If you are interested in the academic career, the postdoc is much less relevant with respect to what you do as research than the "management" aspects (i.e. applying for funds, delivering the bureaucracy on time, supervising younger guns, etc...).
My advice is to think of the probation period as a mutual evaluation period: they are evaluating you, but you are also evaluating your new workplace.
Focus on the first "long-term" deadline (1st year project report? 1st year paper? whatever), work towards that goal, at the same time be yourself, be open, be curious, try to get in touch with the research of your peers in the department .... and then after 3 months make your decision.
I think you will need 3-4 months to scratch the patina of your new working environment. If, after three months you are enjoying the project, the working environment, your work-life balance, the place and the project, it is unlikely you will be performing so badly that you do not pass the probation period. It is very easy to assess if a person is enjoying the work, it is very hard to assess quality of a PostDoc work after 6 months, and no one has the time to do that, so the evaluation will be on your motivation to keep on working on the project for 3 years [1], rather than on some metrics.
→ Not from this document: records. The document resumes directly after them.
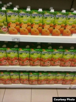 На полках магазинов видим некоторые украинские соки – николаевскую «Сандору» и «Садочок», одесский «Наш сок» – по цене от 54 («Садочок») до 71 («Сандора») рублей за литр. Много соков из России, их цена стартует от 40 рублей за литр. Обнаружили также на прилавке «Моршинську» – 41 рубль за полтора литра.
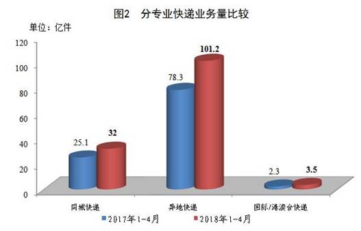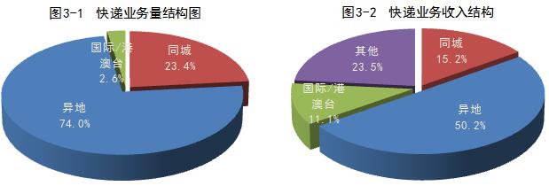 1-4月,同城、異地、國(guó)際/港澳臺(tái)快遞業(yè)務(wù)量分別占全部快遞業(yè)務(wù)量的23.4%、74%和2.6%;業(yè)務(wù)收入分別占全部快遞收入的15.2%、50.2%和11.1%。與去年同期相比,同城快遞業(yè)務(wù)量的比重下降0.4個(gè)百分點(diǎn),異地快遞業(yè)務(wù)量的比重基本持平,國(guó)際/港澳臺(tái)業(yè)務(wù)量的比重上升0.4個(gè)百分點(diǎn)。
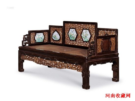 清中期 紫檀及黄杨嵌五彩花卉图瓷板罗汉床
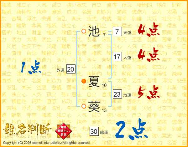池夏葵さんの地運は23画の5点!
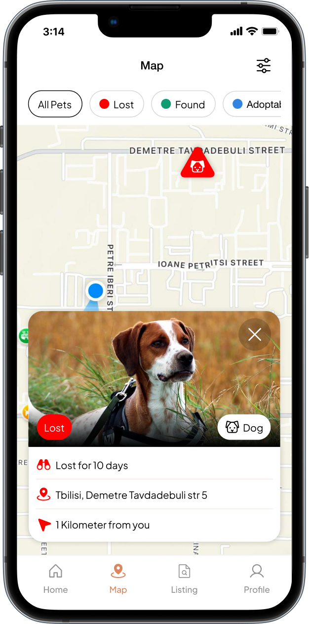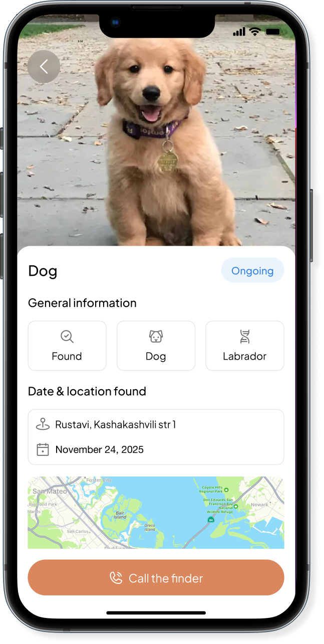 The map is one of the main features. It lets you see lost, found, or pets available for adoption around you or in any area where people use the app. When you tap on a marker, you can view the full post with all details.
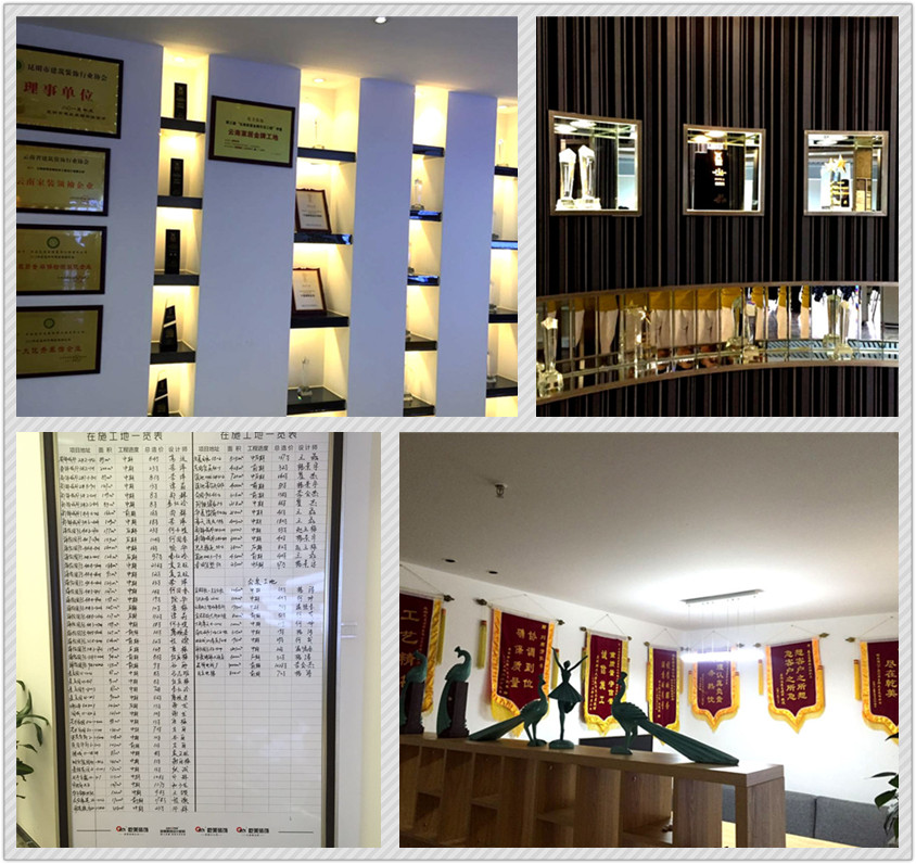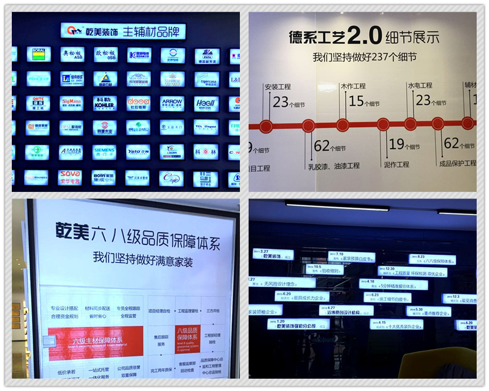 乾美是一个成立不到6年的“新企业”,却成为了云南装饰行业的龙头企业之一,可谓行业标杆。在拜访过程中,何喆带领高管中心的教务参观了家居体验馆和产品展厅,直观、全面地展示了乾美装饰的风格样貌。乾美在展厅墙上展示了企业大事记、主辅材品牌、所获荣誉等。

If you are not enjoying it, just focus on yourself and work hard towards getting your own funds for your own project, make your own plan B. If you have no academic interests, use the remaining months to sharpen your CV for your exit to the private world.
[1] pay attention not to corner yourself in a hole. They hired you for 3 years to work on a certain project, however your CV in 3 years down the road will benefit if you showed some independence in getting funds, supervising students, etcetc ... keep your possibilities open.